Existence construction is self-contained with no reduction to inputs

full rationale

The paper's central result is an explicit construction of a differentiable convex potential in R^2 for which the Nesterov ODE trajectory converges pointwise to the minimizer yet has infinite arc length. This is established directly by verifying the properties of the constructed function against the ODE definition, without any fitted parameters, self-referential definitions, or load-bearing self-citations that would make the claim tautological. Background citations to prior point-convergence results are external and non-circular; the new negative result on rectifiability stands independently.

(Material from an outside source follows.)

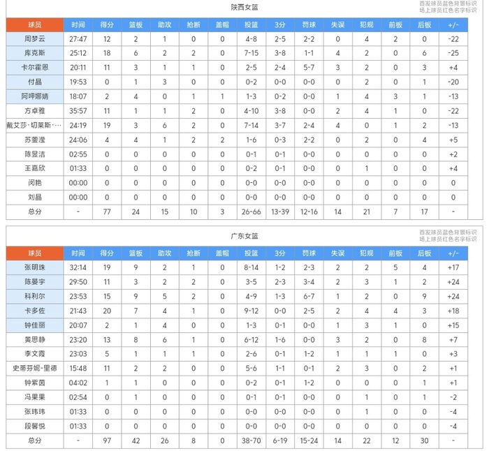 上半场广东队卡多佐得到16+7+2,张明珠10+4,科利尔11+9+4,陈晏宇6+3!下半场第三节易边再战,史蒂芬妮终于开始得分,她确实有能力,外线三分也进了,单节独得7分,张明珠和陈晏宇等人也是轻松发挥,广东队彻底拉开了比分,三节战罢,她们76-60领先,胜利在望了,末节陕西队没有能力改变局面,最终广东队顺利的拿下了比赛!

Axiom & Free-Parameter Ledger

0 free parameters · 1 axioms · 0 invented entities

The result depends on the existence of one specially chosen convex function whose properties are asserted by construction; no free parameters, new entities, or nonstandard axioms are introduced beyond ordinary convex analysis and ODE theory.

axioms (1)
  • domain assumption The Nesterov ODE is well-posed and the flow converges pointwise for the constructed potential.
    Required for the trajectory to be defined and to reach the minimizer.

pith-pipeline@v0.9.0 · 5388 in / 1086 out tokens · 59865 ms · 2026-05-10T18:19:36.171420+00:00 · methodology

discussion (0)

Sign in with ORCID, Apple, or X to comment. Anyone can read and Pith papers without signing in.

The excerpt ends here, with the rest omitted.